Пасмурный и усталый явился Иван Андреевич утром в контору МТС. Чудинов уже был у себя. Уланов прошел к нему, не подавая руки, примостился на подоконнике.

Пытливо глядя на осунувшееся лицо директора, заговорил:

— Чего расклеился? Ночь не спал? Люди из-за тебя, может быть, много ночей не спали, да о деле помнили.

Уланов помолчал, преодолел раздражение и, остановившись перед Чудиновым, уже спокойно спросил:

— Ну, что молчишь?

— А чего я скажу? Нечего сказать! Лучше ты подскажи, Иван Андреевич: как мне быть? Уланов снова сел, задумался.

— Да-а, как тебе быть? Не знаю я, честное слово, не знаю. Осудить тебя как коммуниста? А кому от этого легче? Таисье Петровне и так сейчас тяжело. Кроме того, у нее, кажется, что-то налаживается с Лихачевым. Удивляешься? Он поднял глаза на Чудинова, который быстро повернулся к нему. — Думаешь, ты совсем лишил ее права на семейную жизнь?

— Ничего я не думаю, — невнятно проговорил Чудинов. — Я рад буду, если у нее все устроится.

— Хорошо, если так.

— Иван Андреевич…

— Верю. Не верил бы, сюда не зашел. Что же касается… Когда-нибудь соберешься с силами, расскажешь обо всем жене. А сейчас нельзя.

Иван Андреевич, раздраженно продолжал;

— Ты несколько раз говорил о том, чтобы тебе с семьей уехать куда-нибудь, я поддерживаю эту идею.

Чудинов сидел не двигаясь, глядя в одну точку. Он что-то трудно обдумывал.

Машина снова забуксовала неподалеку от лесосклада. Василий предложил ехать в леспромхоз по узкоколейке. Однобуферные платформы плотно загружены лесом. Невзирая на занятость и суету, лесозаготовители узнали, что очередного рейса дожидаются родители вытащенного из реки мальчика. Молодой бригадир заорал на машиниста, который вылез из жаркого паровозика и, лежа на берегу, курил:

— Тут не пляж! Собирай пустые платформы, пока идет разгрузка!

Машинист начал отругиваться. Бригадир нагнулся, тихо заговорил, поднеся кулак к чумазому носу машиниста, и тот поспешил на паровоз.

Бригадир пригласил Тасю и Лихачева в конторку, сказав, что там сейчас сплавщики отогревают того малого, который спас мальчика. Сплавщик, вытащивший Сережку нз воды, был молоденький, конопатый, с выкрошившимся передним зубом. Он уже изрядно выпил. Сплавщики «отогревали» его па совесть. На нем был накинут пыльный тулуп, из-под которого виднелись тесемки кальсон. На голове нахлобучена большая меховая шапка, которая закрывала парню уши и глаза. Он то и дело приподнимал ее рукой. Видно было, что парень рассказывал о сегодняшнем происшествии не первый раз, но никто его не перебивал, все слушали с одобрением.

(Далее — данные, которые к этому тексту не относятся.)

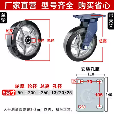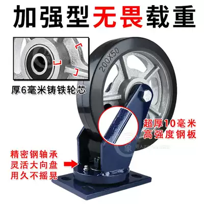 Industrial super heavy caster rubber wheel 8 inch flat hand push truck pulley silent belt brake universal wheel

— Я, понимаешь, стою на боне, ниже Корзиновки, с багром, и вижу: мельтешит в воде, рубашонка вроде, беленькая, — шепелявя рассказывал он, обращаясь к молоденькой приемщице, которая ласково глядела на него. — Я сперва не понял ничего, потом вижу — головенка! Я, понимаешь, как был, ух! В воду! Хватаю, хватаю — рука соскользает. У него, понимаешь, голова стриженая, а я хватаю. Потом уж изловчился, нырять пришлось. Снесло.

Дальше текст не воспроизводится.